Archive for the ChemSpider Content Category

When ChemSpider went live in March of this year one of our collaborators, ACD/Labs, contributed certain prediction algorithms to us to allow us to generate a number of PhysChem properties including logP. There are of course MANY logP prediction algorithms available and many discussions regarding which algorithm delivers the best overall performance. We will not engage ourselves in those discussions since the issue of algorithm validation is a long debate and has been reported on many times in other venues. What we have done however is chosen to list the logP values from a number of other algorithms. You will notice that the logP column now contains values from 3 different algorithms: the original ACD/LogP (version 10) algorithm, the XlogP algorithm and the AlogP algorithm (thanks to Igor Tetko). Values have not yet been predicted for all structures but about half of the structures have values from all three algorithms. We hope to add even more properties to ChemSpider in the near future. Watch this space.

LogP values

The ChemSpider database is populated with millions of structures and associated identifiers in the form of systematic names, trade names and synonyms and associated structure numbers. Unfortunately, many of these identifiers are incorrect. We have performed some robotic cleansing of the database and continue to improve the algorithms to cleanse the data. An update of these cleansed data will be made shortly.

We are conscious of the fact that despite our best efforts a level of manual curation is necessary. With this in mind we have allowed manual curation to registered users. Once logged in every record with one or more names or identifiers will be shown with a red cross, a green tick or a “revert” sign as shown below.

Curating the synonym data

For any name or identifier that is deemed to be suspicious or incorrect can be removed from the list by clicking on the red cross. This puts a strike out through the name but does NOT remove it from the database. Only a master curator, a role granted to a very small subset of ChemSpider users can approve the final removal of the data from the database. If a synonym is “approved” then it is underlined and moved to the top of the list. The list is as shown below after some level of curation.

Curation level 1

The green double headed arrow allows the curation to be reversed. Every curation activity is logged and with time we will be able to identify new master curators. In the near future we will be locking in a list of names, synonyms and identifiers based on the input of our master curators and our own processes for identifying the best identifiers.

We encourage everyone to help us clean up the identifiers. If you believe there are other issues with a structural record then use the other mode of curating by selecting Help Curate Data at the top right hand side of each record. Details are given elsewhere about general curation.

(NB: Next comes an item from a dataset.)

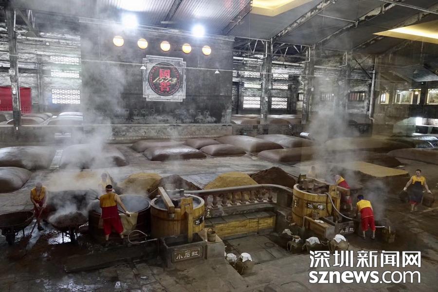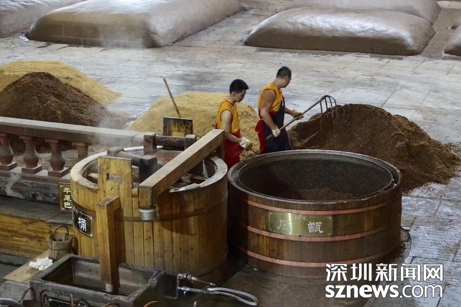 瀘州老窖酒是以泥窖為發(fā)酵容器,中高溫曲為產(chǎn)酒、生香劑,高梁等糧谷為釀酒原料,開放式操作生產(chǎn),多菌密閉共酵,續(xù)糟配料循環(huán),常壓固態(tài)甑桶蒸餾、精心陳釀勾兌等工藝釀制的白酒,以己酸乙醇為主體香味物質(zhì)?!盀o州老窖酒傳統(tǒng)釀造技藝”由大曲制造、原酒釀造、原酒陳釀、勾兌嘗評(píng)等多方面的技藝。李仁奇 攝

I’ve blogged previously on our introduction of data curating of the ChemSpider database. The process continues and there are multiple pages of suggested changes already made and we will be rolling these suggested edits into the database shortly. We will also be rolling out additional capabilities to curate shortly. Watch this space.

For now we are continuing to acknowledge those users of ChemSpider contributing to the cleansing of the data in ChemSpider. This month we want to acknowledge Barrie Walker, our newest member of the Advisory Group for the detailed work he has performed on analyzing the data over the past few weeks. We are about to add some more of Barrie’s content onto the ChemSpider database from his Chirals Database. I have known Barrie for a number of years and have worked with him very closely on the analysis of systematic nomenclature…in this domain Barrie has an incredible eye for detail…and ChemSpider is fortunate to benefit! Thanks Barrie.

A series of new databases have been deposited into ChemSpider. The index has been expanded with additions from the following depositors:

1) Over 200,000 chemical structures from the Journal of Heterocyclic Chemistry have been added to the database and linked back to the publication website
2) UsefulChem molecules have been indexed and linked to the UsefulChem website. Example
3) The MDPI data have been indexed and link back to an information page. There are no molecules online so this is simply a connection to the data source.
4) Many hundreds of thousands of chemical structures supplied by Enamine have been added and linked to the structures on their website. Example
5) The Nanogens collection is now in ChemSpider and linked back to information about the data collection. Example

These structures are presently available for searching by text only as they need to be indexed for structure and substructure searching.